> Task requirements
Give every entry below again, exactly as written, and skip the images.

(Saved data entries)
******************************

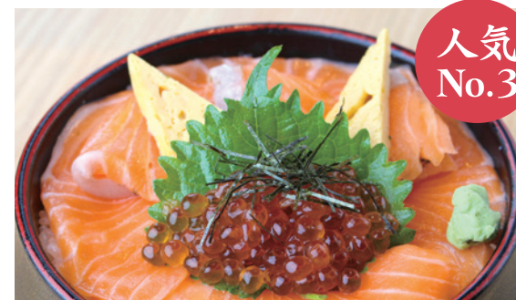
サーモン 親子丼 1,580円 (税込) ミニ 850円 (税込)
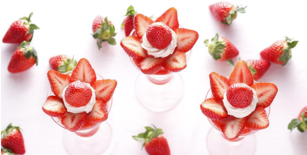
『2021 こだわりの苺フェア』最終第三弾：3月2日（火）～31日（水）

「資生堂パーラー 銀座本店サロン・ド・カフェ」では、2021年1月3日（日）から3月31日（水）までの期間、『2021 こだわりの苺フェア』を開催中です。時期に合わせて美味しい苺の品種を厳選し、パフェなどのデザートに仕立てます。最終の第三弾となる3月は、“おおきみ” “レッドパール” “まりひめ” の3品種で「ストロベリーパフェ」を展開。それぞれの苺と伝統のバニラアイスクリームが織りなすハーモニーが味わえます。また、同時に『東京銀座資生堂ビル 20周年』記念メニューもご用意。伝統メニューやヴィーガン仕立ての3種類の新作パフェや“苺スイーツ”を盛り合わせた特別なプレートをご提供します。春の訪れを感じるこの季節は、華やかなデザートたちを銀座でお楽しみください。
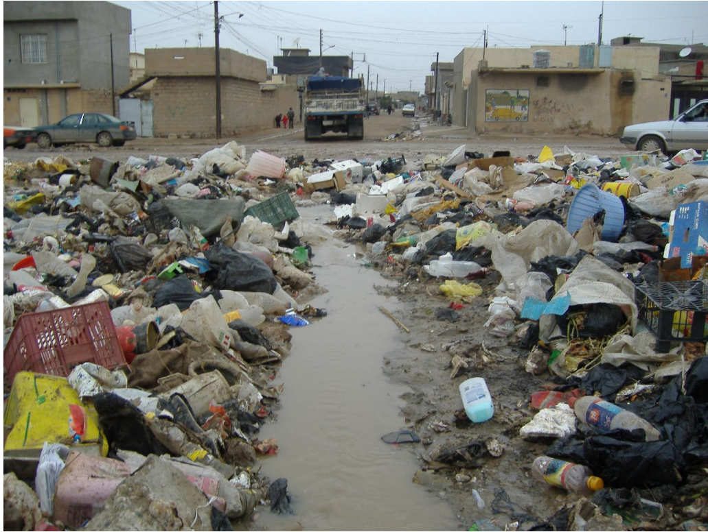
یه کیچ له زیلدا نه کانی په حیماوه له سالی 2005
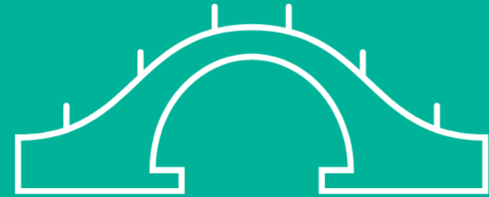
Actoren met brugfunctie naar of vertrouwensfunctie met jongeren
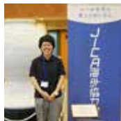
派遣前訓練 (二本松訓練所/福島県)

私も「きっかけ」を与え、誰かの挑戦を後押しできる先生になれるよう、試行錯誤を続けていきたいと思つています！
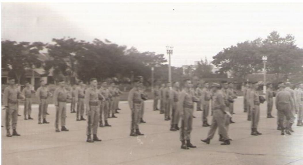
Figura 4: Concurso de Ordem Unida – Curso de Infantaria, 1962

A população resendense assistiu, apreensiva, a ação dos cadetes que se interpuseram entre as forças do I e as do II Exércitos, que marchavam para um possível confronto durante o movimento deflagrado em março de 1964 (RODRIGUES, 2014, p. 5). A presença de jovens cadetes foi um divisor de águas, no sentido de promover o espírito de camaradagem entre os irmãos de armas, evitando um embate entre as forças.
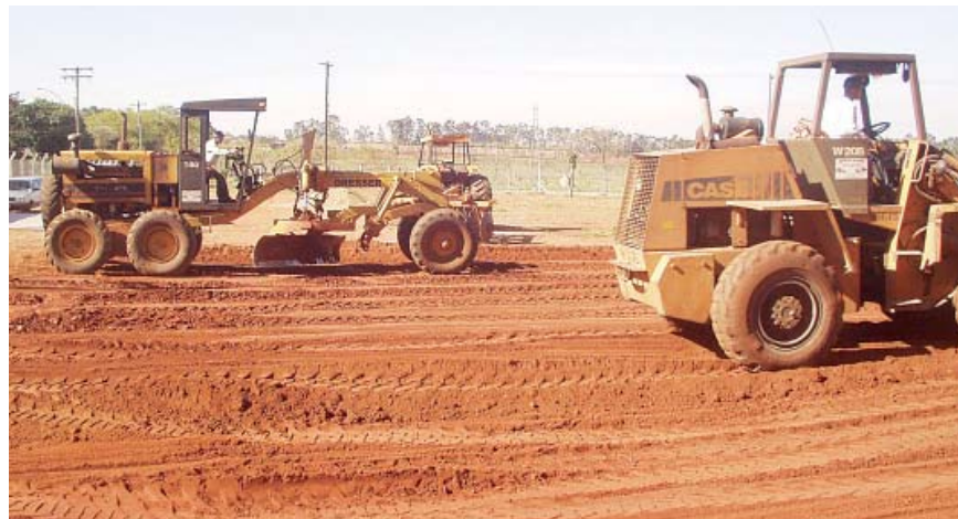
Máquinas trabalham na construção das novas instalações da Moto Brasil conseguidas pelo Proindeb.
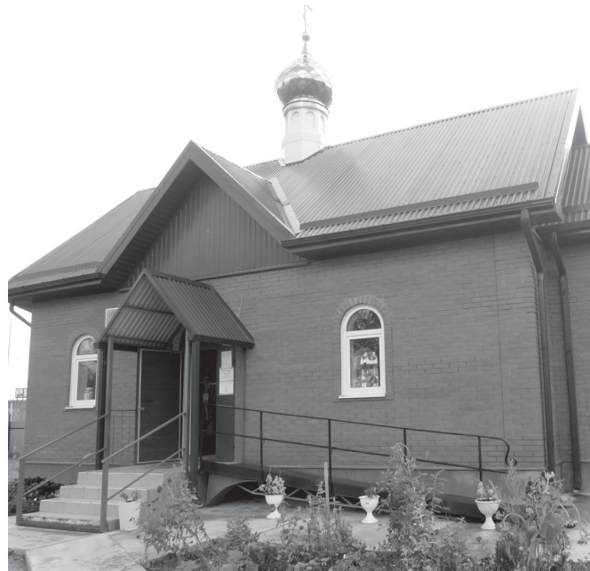
Крестильный храм — лишь часть строительства

Маленький храм, купол которого издали поблескивает сквозь ветки деревьев Северного парка, будто затаился за высоким забором напротив озера Толоки. Но двери его открыты, и он живет полноценной жизнью, каждую субботу и воскресенье встречая верных прихожан в своих по-домашнему уютных стенах. В нем уже совершаются богослужения и Таинства, а по церковным праздникам людей здесь особенно много. И сегодня, на Покров Пресвятой Богородицы, в храме прошло торжественное богослужение.

******************************

> Output below
サーモン 親子丼 1,580円 (税込) ミニ 850円 (税込)
『2021 こだわりの苺フェア』最終第三弾：3月2日（火）～31日（水）

「資生堂パーラー 銀座本店サロン・ド・カフェ」では、2021年1月3日（日）から3月31日（水）までの期間、『2021 こだわりの苺フェア』を開催中です。時期に合わせて美味しい苺の品種を厳選し、パフェなどのデザートに仕立てます。最終の第三弾となる3月は、“おおきみ” “レッドパール” “まりひめ” の3品種で「ストロベリーパフェ」を展開。それぞれの苺と伝統のバニラアイスクリームが織りなすハーモニーが味わえます。また、同時に『東京銀座資生堂ビル 20周年』記念メニューもご用意。伝統メニューやヴィーガン仕立ての3種類の新作パフェや“苺スイーツ”を盛り合わせた特別なプレートをご提供します。春の訪れを感じるこの季節は、華やかなデザートたちを銀座でお楽しみください。
یه کیچ له زیلدا نه کانی په حیماوه له سالی 2005
Actoren met brugfunctie naar of vertrouwensfunctie met jongeren
派遣前訓練 (二本松訓練所/福島県)

私も「きっかけ」を与え、誰かの挑戦を後押しできる先生になれるよう、試行錯誤を続けていきたいと思つています！
Figura 4: Concurso de Ordem Unida – Curso de Infantaria, 1962

A população resendense assistiu, apreensiva, a ação dos cadetes que se interpuseram entre as forças do I e as do II Exércitos, que marchavam para um possível confronto durante o movimento deflagrado em março de 1964 (RODRIGUES, 2014, p. 5). A presença de jovens cadetes foi um divisor de águas, no sentido de promover o espírito de camaradagem entre os irmãos de armas, evitando um embate entre as forças.
Máquinas trabalham na construção das novas instalações da Moto Brasil conseguidas pelo Proindeb.
Крестильный храм — лишь часть строительства

Маленький храм, купол которого издали поблескивает сквозь ветки деревьев Северного парка, будто затаился за высоким забором напротив озера Толоки. Но двери его открыты, и он живет полноценной жизнью, каждую субботу и воскресенье встречая верных прихожан в своих по-домашнему уютных стенах. В нем уже совершаются богослужения и Таинства, а по церковным праздникам людей здесь особенно много. И сегодня, на Покров Пресвятой Богородицы, в храме прошло торжественное богослужение.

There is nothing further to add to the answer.